MAA Group Bhd has announced its decision to sell an 85% stake in its Philippine general insurance arm, MAA General Assurance Philippines, to Triple P Philippines.
The deal, valued at US$49.3 million (approximately RM234.86 million) in cash, also includes an option to sell the remaining 15% stake for US$8.7 million within a 14-month period.
According to a report from The Edge Malaysia, MAA Group disclosed that the total selling price of US$58 million was determined based on an implied price-to-book ratio of about 1.64 times. This calculation was made considering MAA General Assurance’s audited net assets, which stood at RM168.44 million at the end of 2022.
MAA Group has earmarked the proceeds from this disposal for various purposes. A significant portion, RM187.7 million, is allocated for future investment opportunities.

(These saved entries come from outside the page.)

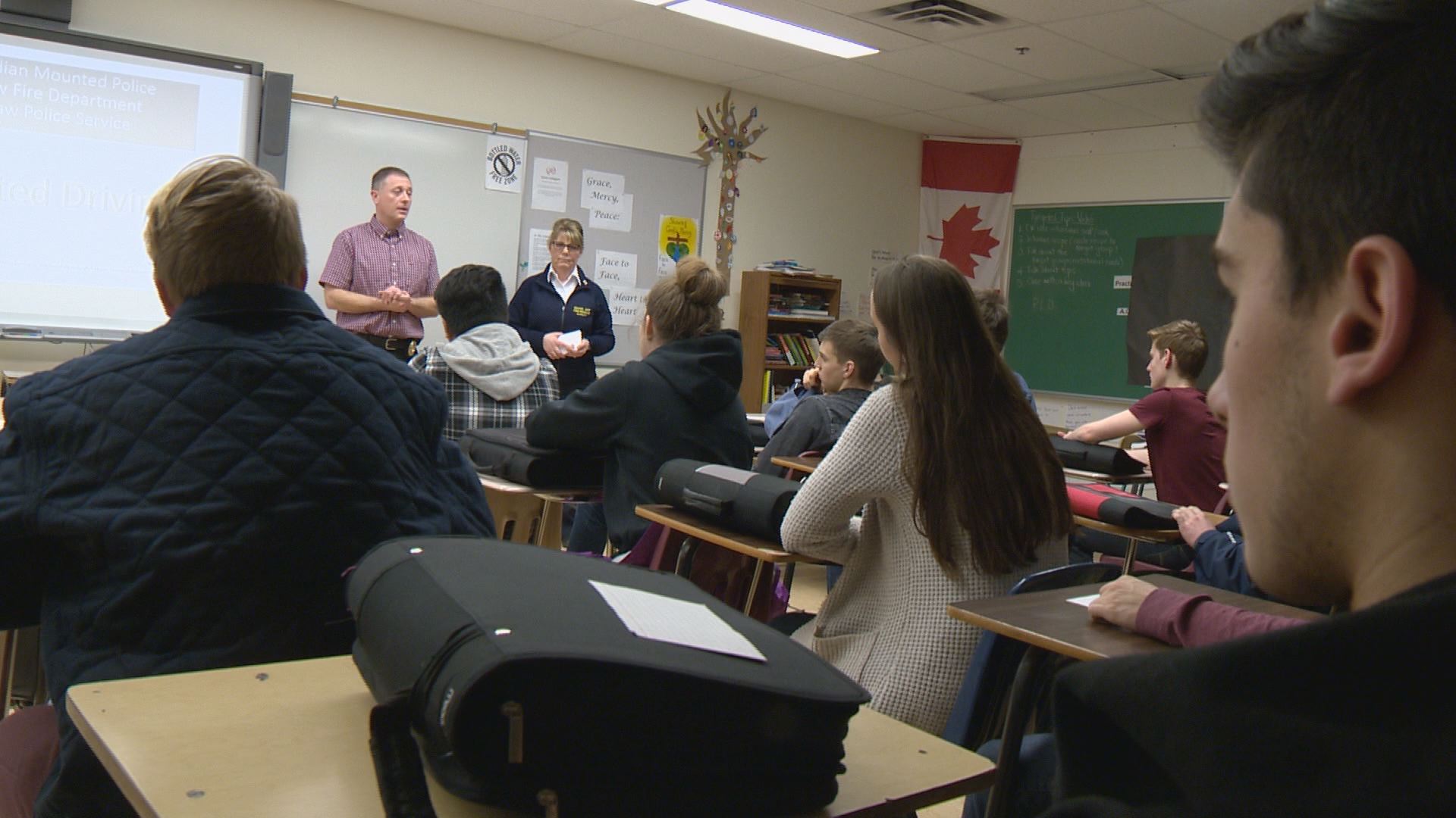 Moose Jaw’s fire and police services showed Grade 11 and 12 students at Vanier Collegiate powerful videos and shared stories about dealing with distracted driving tragedies.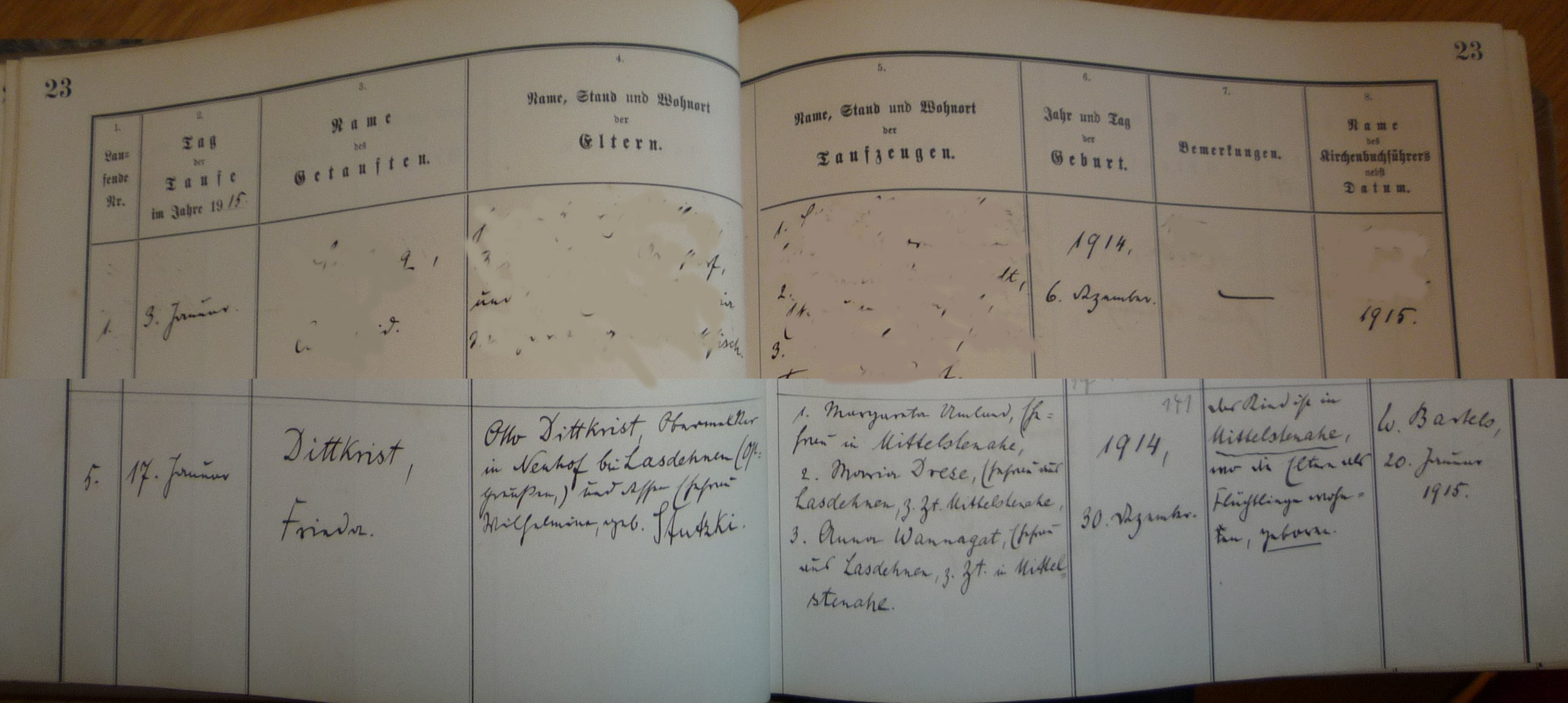 Kirchenbucheinträge im Kirchspiel Lamstedt(Landkreis Cuxhaven) von 1915, Bezug zu Neuhof Lasdehnen/ Altbaum, Kreis Schloßberg, Ostpreußen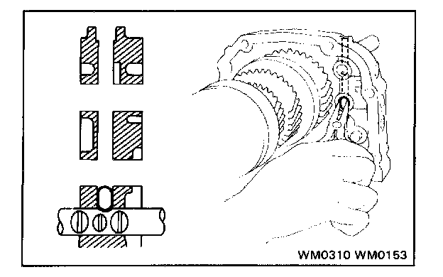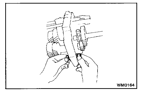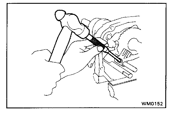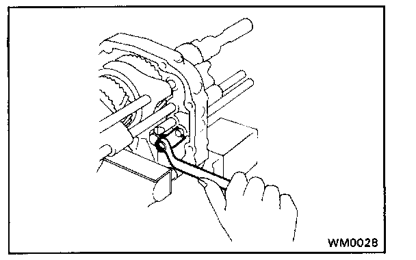 1. Push the pin, which was installed into the reverse shift arm hole, into the groove of No.3 shift fork shaft.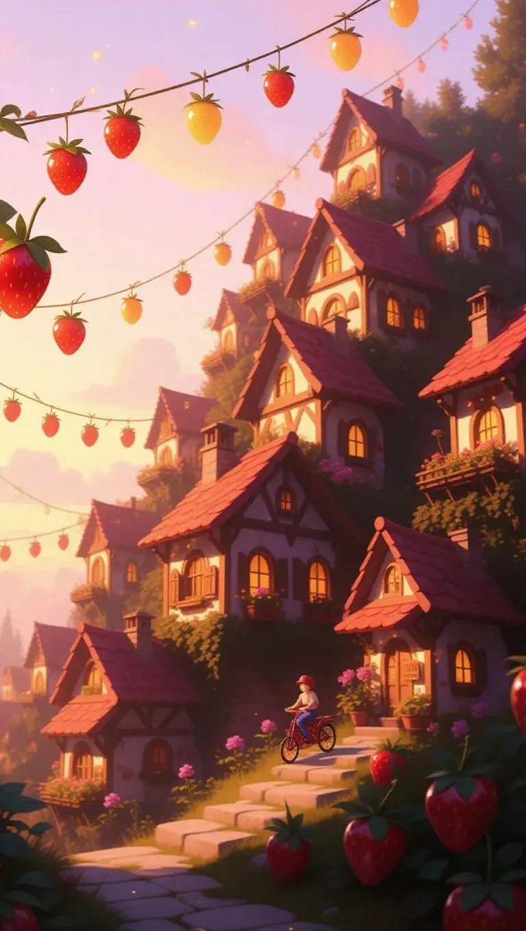 Create Studio Ghibli-inspired AI art of Strawberry Lantern Town at dusk: whimsical strawberry houses, glowing vine lanterns, and anime-style kids on cherry tricycles. Watercolor textures meet nostalgic lighting with minimalist brushstroke skies, twinkling firefly lights, and soft peach-lilac hues. Generate nostalgic, magical scenes blending color pencil details and AI creativity at Vivago.ai.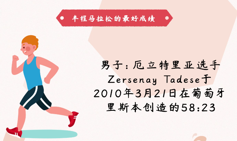 男子:厄立特里亚选手ZersenayTadese于2010年3月21日在葡萄牙里斯本创造的58:23。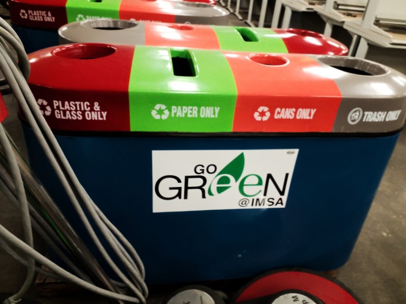 Description: Lot consisting of 2 each Go Green recycling containers for Plastic & Glass, Paper, Cans and Trash.
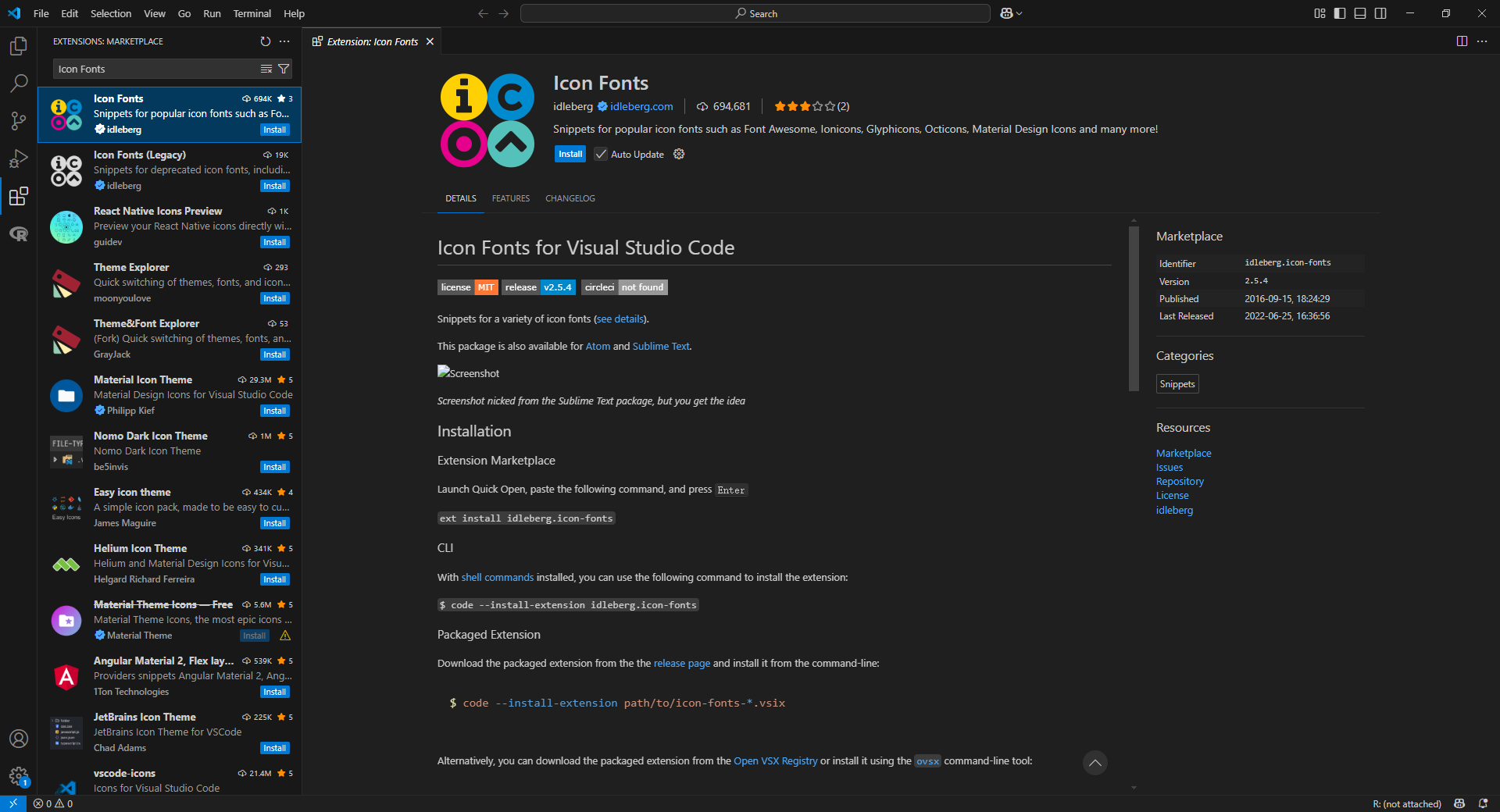 插件市场地址:https://marketplace.visualstudio.com/items?itemName=idleberg.icon-fonts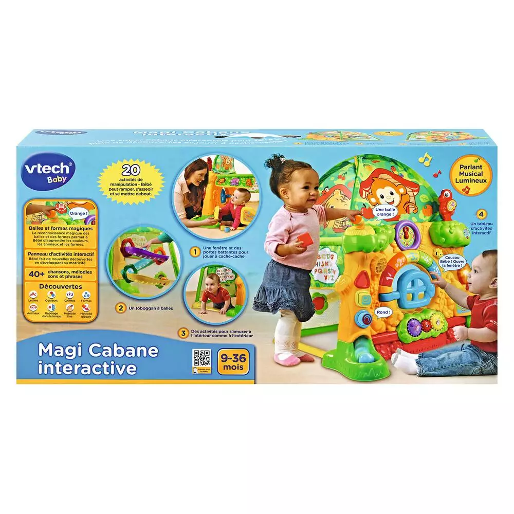 Une super cabane interactive parlante, musicale et lumineuse pour faire plein de dĂ©couvertes et jouer Ă cache-cache. BĂ©bĂ© peut jouer Ă l’intĂ©rieur et Ă l’extĂ©rieur de la cabane grâce aux 4 panneaux d’activitĂ©s. Il apprend les couleurs, les formes, les animaux, les moments de la journĂ©e, l’alphabet et les chiffres. 20 activitĂ©s de manipulation : bĂ©bĂ© peut ramper, s’asseoir et se mettre debout. 1 fenĂŞtre et 1 porte battante pour jouer Ă cache-cache. 1 toboggan Ă balles. 1 tableau d’activitĂ©s interactif avec : 1 piano pour dĂ©couvrir la musique, 1 trieur de forme, des balles colorĂ©es et 1 horloge pour apprendre les chiffres et les moments de la journĂ©e. Des engrenages, 1 panneau abĂ©cĂ©daire et plus de 40 mĂ©lodies, chansons, effets sonores et phrases. RĂ©glage du volume sonore. ArrĂŞt automatique.
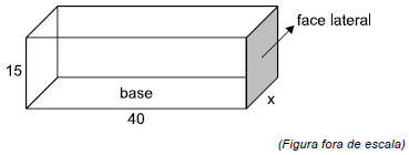 A figura mostra as medidas internas, em centímetros, de uma caixa na forma de um prisma reto de base retangular, com 15 cm de altura.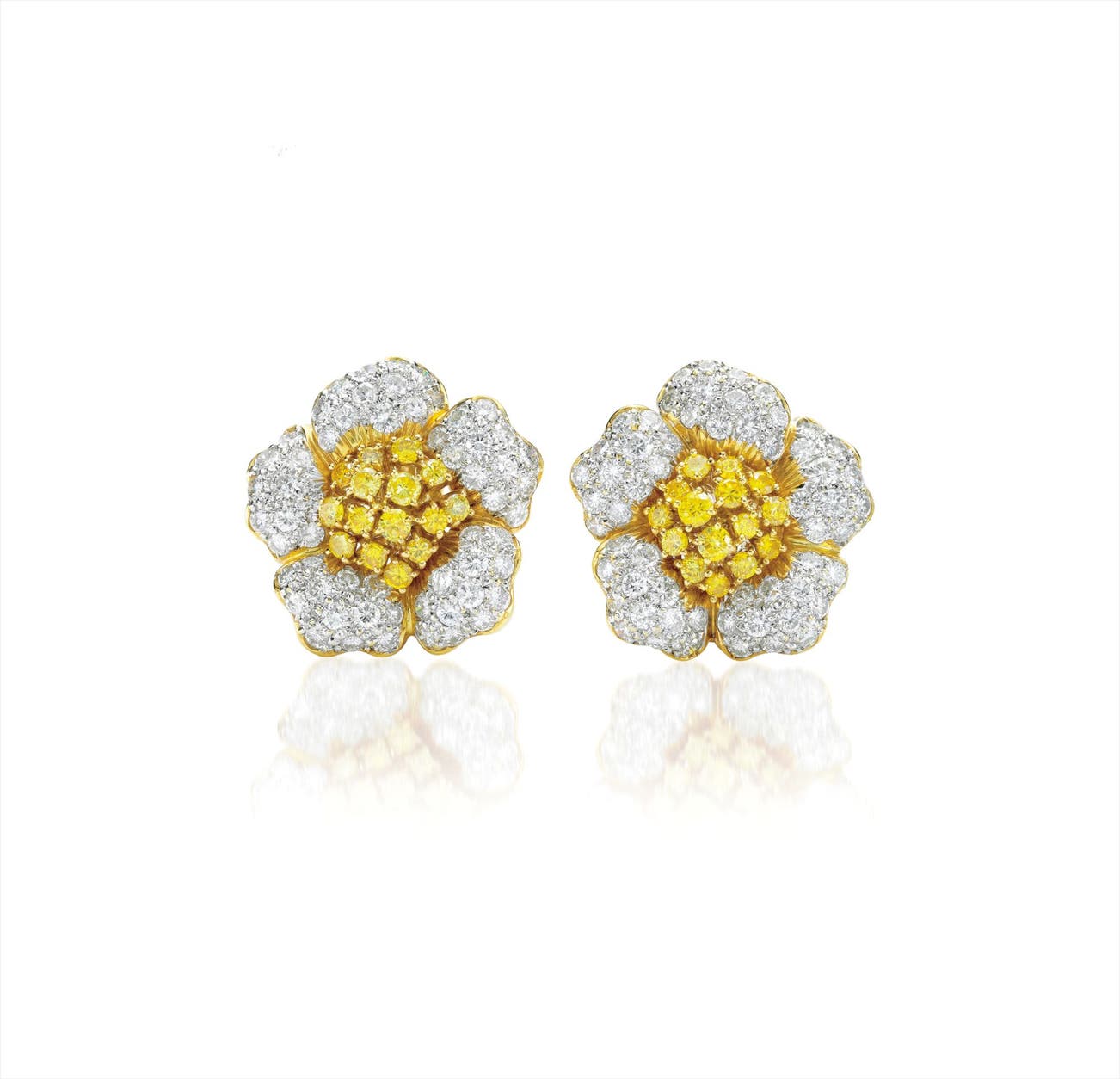 Each designed as a flower, centrally set with circular-cut yellow diamonds, the petals enhanced by pavé set diamonds, mounted in 18K yellow gold, length 1 inch.

Additionally, RM32.18 million is set aside for working capital, RM41.8 million for the repayment of a shareholder’s loan, RM13.54 million for settling intercompany loans, and around RM1.1 million to cover the estimated expenses of the divestment process.
General insurance has been a key revenue generator for MAA Group, accounting for 66% of its total revenue in the financial year ended June 30, 2023. This sector is followed by the hospitality and education services businesses, contributing 16% and 10% to the total revenue, respectively.
While it has been a boon in terms of generating revenue, the board of MAA Group has considered the potential growth and additional capital investment required for the general insurance business. Given the challenging operating environment in the Philippines, the board viewed the offer from Triple P as a timely opportunity for MAA Group to divest from MAA General Assurance and reallocate resources to expand other business segments.